My latest transgression involved the advent calendar. The calendar I use is the one my aunt gave me when my children were tiny. She sent it as a present from California as I had complained that UK advent calendars were not up to much (at the time they were very different to US ones and filled with cheap chocolate). My daughter who is now 26 was a babe in arms. It involves sticking Velcro backed musical instruments on to a tree of angels. When they were young, I put the instruments in the various pockets in a specific order to make it easier for me. Over the years about 5 have gone missing. This year, I decided as I was the person who would be doing the advent calendar, I would put them in random order and have the blank ones at the start. Cue outrage from my daughter who then texted my sons to complain — I had changed the tradition. Same advent calendar but it bothered her in a way I’d not anticipated. I am afraid she is going to have to deal with a new tradition as I find it fun and I am the one putting up most of the instruments, but I had not understood how important she felt the putting up in a specific order was.

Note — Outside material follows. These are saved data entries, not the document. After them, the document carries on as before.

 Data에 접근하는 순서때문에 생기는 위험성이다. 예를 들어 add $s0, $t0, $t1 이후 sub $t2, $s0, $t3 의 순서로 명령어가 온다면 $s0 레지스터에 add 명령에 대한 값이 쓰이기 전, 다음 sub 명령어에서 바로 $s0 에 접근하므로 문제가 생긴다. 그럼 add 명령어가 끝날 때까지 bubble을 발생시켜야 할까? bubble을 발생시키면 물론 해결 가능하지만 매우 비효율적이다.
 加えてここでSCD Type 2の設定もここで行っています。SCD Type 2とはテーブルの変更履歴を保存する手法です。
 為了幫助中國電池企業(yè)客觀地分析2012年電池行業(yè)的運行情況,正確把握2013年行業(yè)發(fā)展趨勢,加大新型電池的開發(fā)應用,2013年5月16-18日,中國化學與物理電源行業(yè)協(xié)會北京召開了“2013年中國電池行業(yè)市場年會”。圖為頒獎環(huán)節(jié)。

I suspect that it is how traditions get started — people do things because it makes their life simpler at the time but then the reasoning behind the decision becomes forgotten and the action becomes written far larger than the originator intended.

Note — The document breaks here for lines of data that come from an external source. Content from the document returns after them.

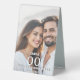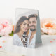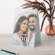 Add a personalized, elegant touch to your reception décor with this portrait-style photo table number stand template. Designed for weddings, engagements, couples showers, and anniversaries, this stylish display features a fully editable photo of the couple beneath a layer of soft, translucent overlay. The overlay ensures the white text with black drop shadow appears crisp, readable, and beautifully balanced against any photograph.
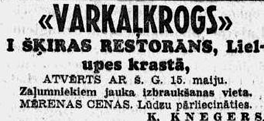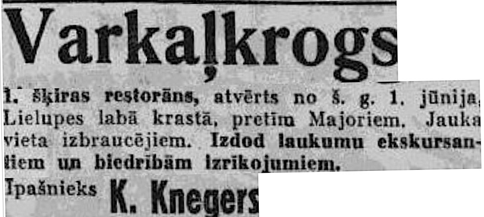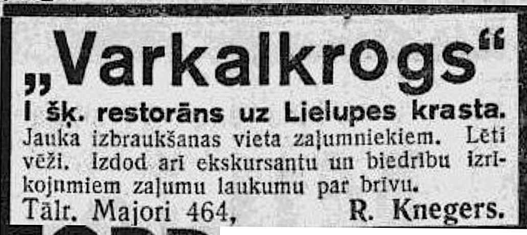 Restorāns "Varkaļkrogs" vasaras sezonās darbojās līdz 2. pasaules karam. 1937. un 1938. gadā tā īpašnieks bija K. Knegers.
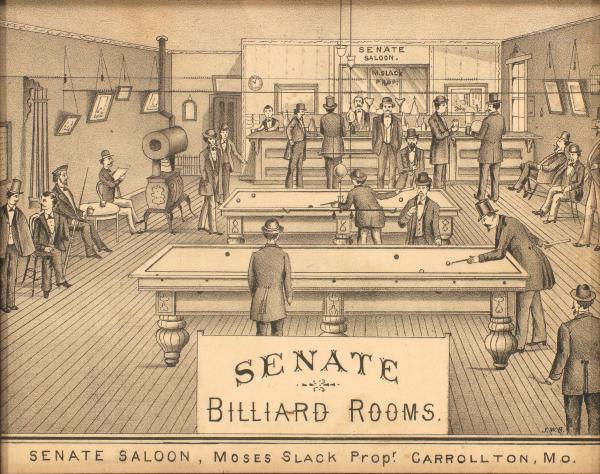 CIRCA 1880 LITHO | SENATE BILLIARD ROOMS CARROLLTON MO
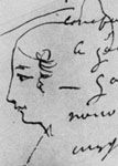 "Между Екатериной Николаевной и Пушкиным завязывается тесная сердечная дружба, – пишет современник, – и, наконец, после продолжительной переписки, Екатерина Ушакова соглашается выйти за него замуж». В альбомах сестер вновь появляются сатирические карикатуры, шуточные надписи и стихи. Альбом пестрит изображениями Анны Олениной, иногда явно издевательскими. На одном из них барышня (Оленина) протягивает руку молодому человеку, который ее почтительно целует. Здесь мужская фигура, с лицом, обрамленным бакенбардами, очень напоминает портреты Пушкина. К этой картинке относится следующая подпись:

As a historical romance author who has written about Christmas (the Victorian set A Christmas Wedding Wager and the Viking set Sent as the Viking’s Bride), I love investigating the traditions of Christmas — where they came from and what their first meaning were. It has long been my belief that one of the stronger parts of Christianity is its willingness to embrace different cultures and to allow them to celebrate in familiar ways. This certainly proved the case with the Vikings. We owe things like yule logs, wassailing, wreaths and the eating of ham/pork to them.
A Christmas Wedding Wager is set in early Victorian England just after Charles Dickens reinvented Christmas with A Christmas Carol and it was lovely to find out the why of certain British Christmas traditions. Having grown up near San Francisco, I used to go to the Dickens Christmas Fayre but the actual British Christmas I experienced when I first moved over here was very different. I will admit that at first I struggled because I thought (and sometimes still do) that Americans, particularly Northern Californians keep Christmas a more agreeable way. It took me a number of years to get my head around mince pies at every gathering, flaming Christmas puddings and iced Christmas cakes which are made months before as well as Christmas crackers with silly jokes and paper crowns. After 31 years of living here though, they have become part of my Christmas tradition, including the British way of wishing people a Merry Christmas.
I like to think the Christmas season is more enjoyable because of those long-standing traditions. And it is equally good that we are constantly adding new traditions or ways of celebrating as families grow and change.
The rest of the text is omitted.